CuO NPs catalyzed the synthesis of poly-substituted furans. a) Method overview; (b) representative examples.

Ji et al. reported a highly efficient protocol for the synthesis of benzofurans 8 via one-pot two-component reaction of o-iodophenols 6 with phenylacetylene 7. The reaction occurs in the presence of palladium NPs supported on N,O-dual-doped hierarchical porous carbon through Sonogashira cross-coupling followed by cyclization of o-halogenated phenols 6 with terminal alkynes 7 under copper- and ligand-free conditions (Scheme 3). The catalyst has great stability and is simple to recover for further usage. The approach is an environmentally friendly way to create biologically useful heterocyclic compounds [18].

Scheme 3

Synthesis of benzofurans employing Pd@N,O-carbon. (a) Method overview; (b) representative examples.

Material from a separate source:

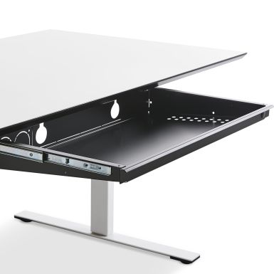 Elegant og diskret vandret CPU-holder, der enkelt og let monteres under bordpladen, og bliver en integreret del af arbejdsstationen. CPU er en perfekt løsning til at skabe mere plads og mere overblik på dit skrivebord. Holderen fås i to størrelser, der begge er let justerbare, så de passer til lige præcis din computer. Den fås desuden i forskellige farver. Max belastning: 20 kg.
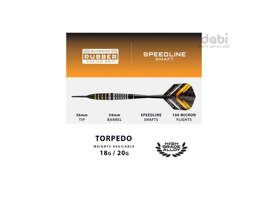 Barel šipky zaujme dvoubarevným černo-zlatým provedením. Vulkanizovaný gumový grip poskytuje pohodlný úchop, který neklouže, a pomáhá tak hráčům udržet stabilitu a soustředění při hodu.

2.2.2 Three-component reactions

A one-pot three-component reaction between isocyanides 11, secondary amines 9, and an electron-poor 2-hydroxybenzaldehyde derivative 10 for the synthesis of benzo[b]furan derivatives 12 using silica NPs from rice husk ash as a green catalyst at ambient temperature was reported in 2014 [19]. Due to greater electrophilicity of the carbonyl groups of electron-withdrawing 2-hydroxybenzaldehyde derivatives relative to carbonyl groups of electron-releasing 2-hydroxybenzaldehyde derivatives, the electron-withdrawing 2-hydroxybenzaldehyde derivatives have more preference as a suitable starting material over electron-releasing derivatives (Scheme 4).

Scheme 4

Three-component synthesis of benzo[b]furan derivatives using silica NPs. (a) Method overview; (b) representative examples.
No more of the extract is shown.